# Lowestoft steam drifter



## cptn rodders

I am at present building a model of the Lowestoft steam drifter ONE ACCORD LT 324. has anyone got any photo,s or information about her that they could share with me....thanks Rod


----------



## mannimal

cptn rodders said:


> I am at present building a model of the Lowestoft steam drifter ONE ACCORD LT 324. has anyone got any photo,s or information about her that they could share with me....thanks Rod



There are some beauties if you Google *images*... ONE ACCORD LT324.


I wish i had one for Remarko!


----------



## cptn rodders

Thanks Mannimal just the ticket, great picture. have you had any joy with your problem....Rod


----------



## gil mayes

ONE ACCORD (LT324) (drifter/trawler) 
O.N.149198. 102g 43n 90.3 x 19.0 x 9.2 feet
9.1960: Re measured 111g 39n
T.3-cyl by William Burrell & Co Ltd, Gt. Yarmouth
Boiler by Riley Bros (Boilermakers) Ltd, Stockton-on-Tees
30.8.1960: Completed trials after conversion to motor by L.B.S. Engineering Ltd, Lowestoft, fitted with 5-cyl 4 stroke 315bhp oil engine by Mirrlees, Bickerton & Day Ltd, Stockport

7.3.1927: Launched by Cochrane & Sons Ltd, Selby (Yd.No.999) for George Catchpole (32/64); Frederick Ernest Catchpole (16/64) & Frederick Mullender (16/64), Lowestoft as One Accord. 9.4.1927: Completed (Fred Ingram, Milford, manager). 10.6.1927: Registered at Lowestoft (LT324). 19.6.1927: First landing at Milford. 23.10.1929: Deckhand Edward W. Read fell overboard, 2nd Engineer William Turrell (27) of Kessingland, jumped in the sea fully clothed in oilskins and seaboots, but failed to reach him before he drowned (Turrell was awarded the Royal Humane Society’s Bronze Medal). 23.12.1939: Sold to George Frederick Catchpole; Francis George Gamble; Orlando Frederick Mullender (all 16/64), Lowestoft. 21.3.1934: Sold to George Catchpole (32/64); Frederick Ernest Catchpole (16/64) & Francis George Gamble (16/64), Lowestoft. Landing into Fleetwood (Lowestoft Fish Selling Co Ltd, managing agents) and Milford. 16.11.1939: Last landing at Milford. Requisitioned for war service as a minesweeping drifter (P.No.FY.983) (Hire rate £49.1.9d/month). 11.1944: Employed on miscellaneous Naval duties. 21.2.1945: Sold to Frederick Ernest Catchpole (16/64); John Francis Gamble and D. G. Gamble (16/64 joint); Ernest Herbert Holland and Frederick Ernest Catchpole (32/64 joint).
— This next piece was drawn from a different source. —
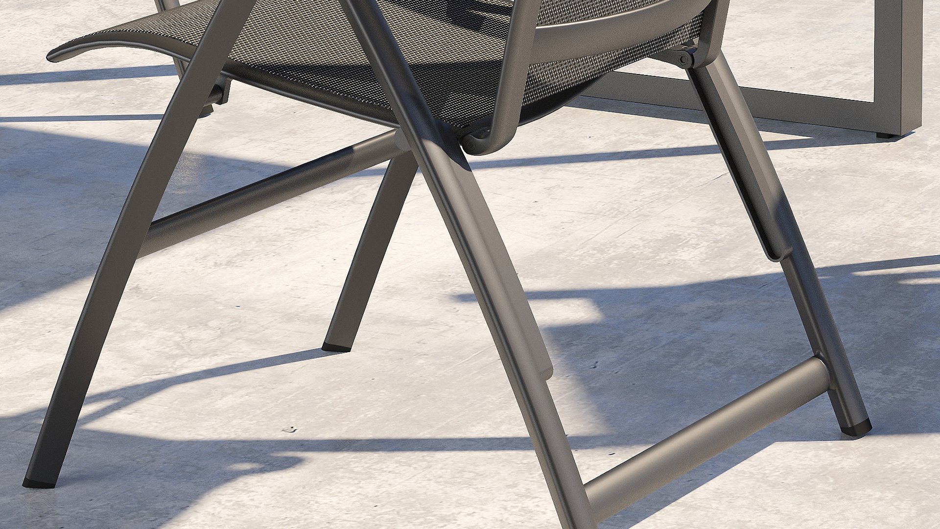 Textilene besteht aus gewebten Polyesterfasern, die zusammen ein robustes Gewebe bilden. Dank seiner Zusammensetzung ist es ein sehr strapazierfähiges, langlebiges, formstabiles und farbechtes Material. Da es sich um ein Gewebe handelt, ist es wasserdurchlässig und trocknet schnell. Dies verleiht ihm eine lange Lebensdauer und macht es ideal für den Außenbereich. Textilene ist pflegeleicht und daher besonders praktisch für den Einsatz im Freien. Es lässt sich leicht reinigen, da es im Wesentlichen aus Polyester besteht. All diese Eigenschaften machen Textilene zu einem angenehmen Material für den Außenbereich.

Lowestoft. 19.3.1945: Sold to Accord (Lowestoft) Ltd, Lowestoft (Frederick Ernest Catchpole, manager). 1.1946: Returned to owner. 18.3.1949: Sold to Gilbert & Co Ltd, Lowestoft (Arthur G. Gilbert, manager). 18.10.1952: At Lowestoft landed 125 crans of herring. 18.3.1958: Sold to Anson Steam Trawler Co Ltd, Milford Haven (John J. N. Picton, manager). 17.11.1959: Sold to Picton Bros (Milford Haven) Ltd, Milford Haven (John N. Picton, manager). 10.12.1969: Sailed Milford for fishing grounds (Sk. Bill Philips); seven crew. In good visibility, 2.5 miles off the Smalls Lighthouse in collision with German motor tanker Yorksand (500grt/1964) sustaining damage to stem and bow plating. Tanker stood by until stern trawler Ross Fame (GY1360) arrived in response to distress; escorted to Milford. 11.12.1969: Arrived Milford. Laid up. 2.1970: As a result of survey considered beyond economical repair. * Sold to Haulbowline Industries Ltd, Passage West, Cork for breaking up. 27.6.1989: Lowestoft registry closed (mortgage discharged). 
Gil.


----------



## cptn rodders

Thanks Gil...What a superb and detailed account.much appreciated..once again many thanks.....Rod


----------



## gil mayes

On completion of your build, Rod, we would very much like to post a photo of her on www.fleetwood-trawlers.com.
Gil.


----------



## cptn rodders

Hi gil. No problem, would love to.....Rod


----------



## E.Martin

*62 Years*

According to Gil's post One Accord's fishing life was 62 years was that 
a normal life for a Drifter Trawler?.
I can remember her working from Lowestoft,I think she did more 
trawling than drifting.
The job I hated most on a drifter was trimming,it was my job as sparehand to trim the coal for the engineers,as soon as I entered the coal bunkers and started shoveling the coal my exit was blocked,when 
I had trimmed enough coal I would bang on the ships side with the shovel and some one would come and open the bunker lid so that I could get out, if any thing had happened while in the bunker and the drifter had sunk my doom was sealed.


----------



## cptn rodders

Thanks for your reply Mr Martin, That job sounded like dangerous graft, I have one photo of her rigged for trawling but with all my other models being trawlers i thought i would have a change [ no winch etc ]....and like trawlers the drifters had a character all of their own.....Thanks Rod


----------



## mannimal

Fabulous to see such interest in these old trawlers/drifters, especially the personal account from E. Martin.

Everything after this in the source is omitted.